User 1 executes the following command:

 root@ytt-ubuntu18:/home/ytt# mysql -uytt -e "select sleep(1000)"

User 2 can print out the values of environment variables MYSQL_PWD and MYSQL_TCP_PORT by executing ps aex:

 root@ytt-ubuntu18:/home/ytt# ps aex| grep MYSQL_PWD| grep -v 'grep'
7592 pts/0    S+     0:00 mysql -uytt -e select sleep(1000) LS_COLORS=rs=0:... MYSQL_PWD=root ...MYSQL_TCP_PORT=3340 ...

4. Shield standard error output and redirect to an empty device file (recommended)

 root@ytt-ubuntu18:/home/ytt# mysql -uytt -proot -P3340 -e"select version()"  2>/dev/null
+-----------+
| version() |
+-----------+
| 8.0.29    |
+-----------+

This uses the characteristics of the Linux system itself to redirect the MySQL error message, where the number 2 represents the file descriptor of the error output; /dev/null represents an empty device. That is to say, the error message of executing this command is redirected to the empty device instead of the standard output, so that the warning message can be masked in disguise.

5. Use the mysql_config_edit tool to generate different login_paths (recommended)

mysql_config_edit is a tool officially released by MySQL, which is specially designed to deal with such problems that user passwords must be exposed. It can be set once and used safely for many times.

The usage is as follows: set a login_path, the name is user_ytt, and the password can be entered as prompted.

 root@ytt-ubuntu18:/home/ytt# mysql_config_editor set -G user_ytt -S /var/run/mysqld/mysqld.sock -u ytt -p
Enter password:

Next, invoke any MySQL command-line tool with the --login-path option.

 root@ytt-ubuntu18:/home/ytt# mysql --login-path=user_ytt -e 'select user()'
+---------------+
| user()        |
+---------------+
| ytt@localhost |
+---------------+
   
root@ytt-ubuntu18:/home/ytt# mysqladmin  --login-path=user_ytt ping
mysqld is alive

The mysql_config_editor tool also has a disadvantage: the same login_path cannot be shared with all system users, and other users have to re-add their own login_path to use it normally.

6. Use Unix socket plugin (recommended, local only)

The auth_socket plugin only authorizes authentication based on the local OS login username and the local linux socket file.

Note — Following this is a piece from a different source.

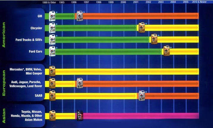 Chất làm mát kéo dài tuổi thọ màu vàng có nguồn gốc từ các nhà sản xuất ô tô châu Âu vào những năm 1980 và được bán phổ biến nhất với tên “Zerex”.

For example, modify the user ytt@localhost plugin to auth_socket:

 mysql> alter user ytt@localhost identified with auth_socket ;
   Query OK, 0 rows affected (0.00 sec)
   
   mysql> \q
   Bye

Switch to OS user ytt:

 root@ytt-pc-big:/home/ytt# su ytt
   
   ytt@ytt-pc-big:~$ mysql -e "select user(),current_user()"
   +---------------+----------------+
   | user()        | current_user() |
   +---------------+----------------+
   | ytt@localhost | ytt@localhost  |
   +---------------+----------------+

A word of caution is needed here: For security, user permissions for operating MySQL must be assigned as needed.